Search code examples

OpenCL barrier usage within conditional

According to the specs:

If barrier is inside a conditional statement, then all work-items must enter the conditional if any work-item enters the conditional statement and executes the barrier.

If barrier is inside a loop, all work-items must execute the barrier for each iteration of the loop before any are allowed to continue execution beyond the barrier.

In my understanding this means, that in any Kernel:

if(0 == (get_local_id(0)%2)){
  //block a
  //block a part 2
  //block b
  //block b part 2
//common operations

Should one worker reach //block a, every other worker needs to reach it too.

By this logic it is not possible to correctly synchronize every odd local worker with every even one ( blocks a and b ) to be run at the same time.

Is this understanding correct?

What would be a good synchronisation strategy for a situation like this ?

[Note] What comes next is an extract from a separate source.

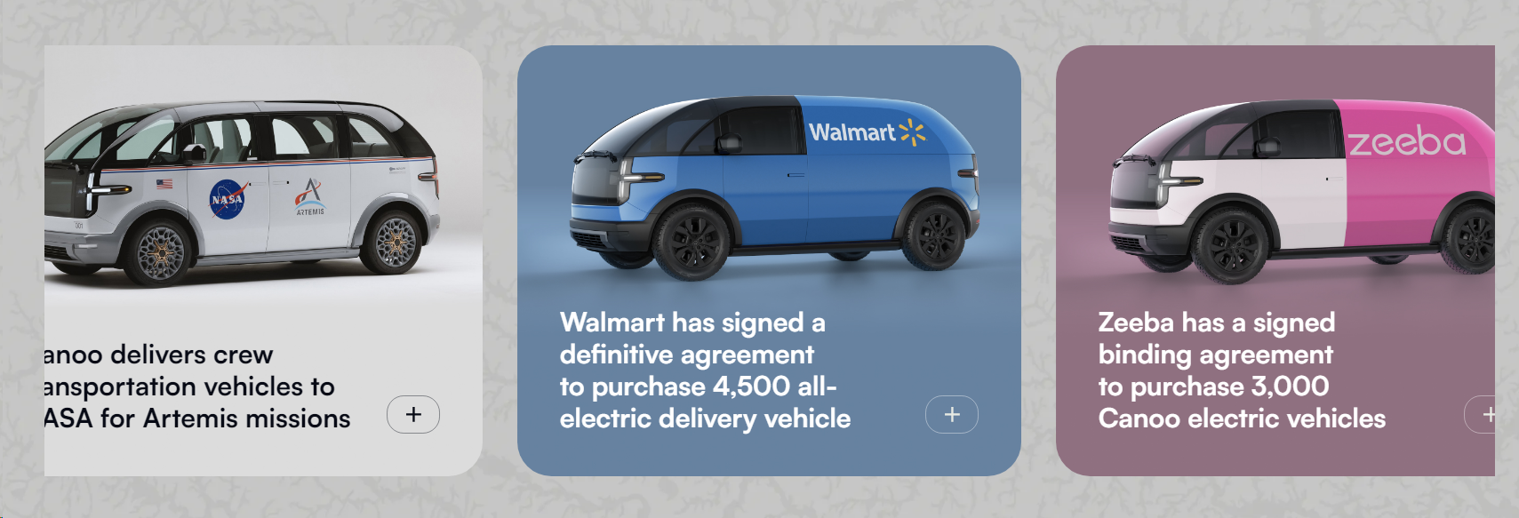 - 사진을 포함한 Canoo 언론 자료를 보려면 press.canoo.com을 방문하세요 .

  • where every other worker would need to do a different logic, but by //block a part 2 and //block b part 2 the workers inside one working group be synced up.
  • in the requested usecase there are more phases, than 2, and I'd like to keep every phase to be synchronised.

Would a logic like this be an acceptable solution?

__local number_finished = 0;
if(0 == (get_local_id(0)%2)){
  //block a
  atomic_add(&number_finished, 1);
  while(number_finished < get_local_size(0));
  //block a part 2
  //block b
  atomic_add(&number_finished, 1);
  while(number_finished < get_local_size(0));
  //block b part 2
//common operations


  • By this logic it is not possible to correctly synchronize every odd local worker with every even one ( blocks a and b ) to be run at the same time.

    Is this understanding correct?

    It is not possible. When using a work_group_barrier, you must ensure all work-items in the work group reach it. If there are paths within your code that don't reach the barrier, it may lead to undefined behavior.

    What would be a good synchronization strategy for a situation like this ?

    Usually, barriers are used outside of any conditional sections / loop:

    if (cond)
       // all work items perform work that needs to be synchronized later 
       // such as local memory writes
    barrier(CLK_LOCAL_MEM_FENCE); // note the CLK_LOCAL_MEM_FENCE flag
    // now every work item can read the data the other work items wrote before the barrier. 
    for (...)

    Would a logic like this be an acceptable solution?

    It might work, but a barrier outside the conditional section would be more efficient than a busy wait.

    if(0 == (get_local_id(0)%2)){
      //block a
      // block b
    barrier(CLK_LOCAL_MEM_FENCE); // ensures number_finished == get_local_size(0)